_Data for processing:_
--------------------------------

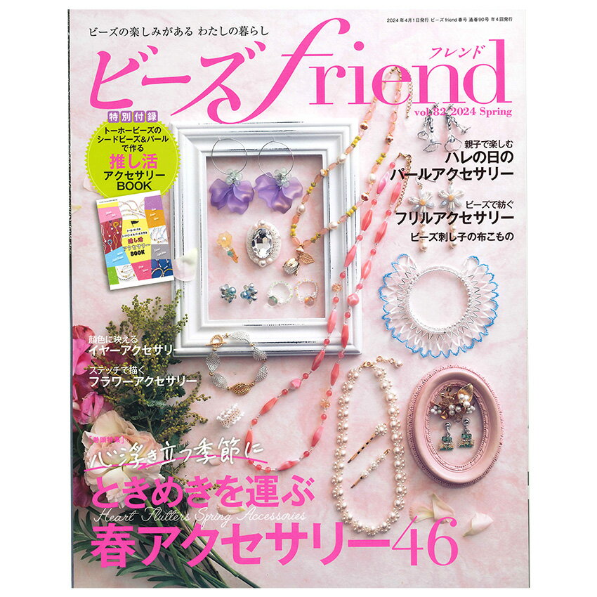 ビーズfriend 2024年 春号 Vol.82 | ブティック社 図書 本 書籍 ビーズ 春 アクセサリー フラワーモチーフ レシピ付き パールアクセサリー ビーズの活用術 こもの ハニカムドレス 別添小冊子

--------------------------------

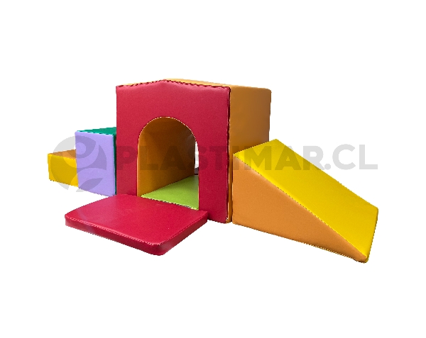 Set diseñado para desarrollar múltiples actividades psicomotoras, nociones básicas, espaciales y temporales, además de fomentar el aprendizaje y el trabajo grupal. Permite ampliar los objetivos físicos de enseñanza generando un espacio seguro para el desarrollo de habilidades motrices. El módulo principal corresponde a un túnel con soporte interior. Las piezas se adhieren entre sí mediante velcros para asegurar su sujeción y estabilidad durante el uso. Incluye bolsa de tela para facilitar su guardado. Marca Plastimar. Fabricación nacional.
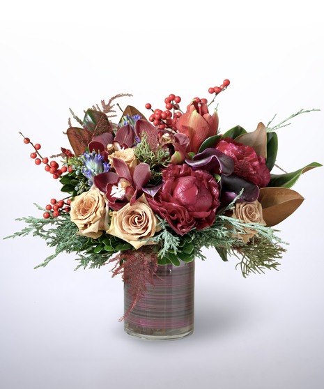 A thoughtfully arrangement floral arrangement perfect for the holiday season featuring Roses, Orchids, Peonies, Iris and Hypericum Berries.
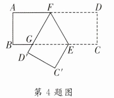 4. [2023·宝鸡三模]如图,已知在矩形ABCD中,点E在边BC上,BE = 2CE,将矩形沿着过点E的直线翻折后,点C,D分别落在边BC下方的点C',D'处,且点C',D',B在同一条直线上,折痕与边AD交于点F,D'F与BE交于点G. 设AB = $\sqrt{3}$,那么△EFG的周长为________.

--------------------------------

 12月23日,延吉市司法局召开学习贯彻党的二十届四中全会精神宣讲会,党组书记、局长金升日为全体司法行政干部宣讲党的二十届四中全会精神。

--------------------------------

_Task directions:_
In the listing above, find the line holding "Set diseñado para" and the line holding "A thoughtfully arrangement". Reproduce those two lines and all between them exactly, leaving out pictures.

_Expected output:_
 Set diseñado para desarrollar múltiples actividades psicomotoras, nociones básicas, espaciales y temporales, además de fomentar el aprendizaje y el trabajo grupal. Permite ampliar los objetivos físicos de enseñanza generando un espacio seguro para el desarrollo de habilidades motrices. El módulo principal corresponde a un túnel con soporte interior. Las piezas se adhieren entre sí mediante velcros para asegurar su sujeción y estabilidad durante el uso. Incluye bolsa de tela para facilitar su guardado. Marca Plastimar. Fabricación nacional.
 A thoughtfully arrangement floral arrangement perfect for the holiday season featuring Roses, Orchids, Peonies, Iris and Hypericum Berries.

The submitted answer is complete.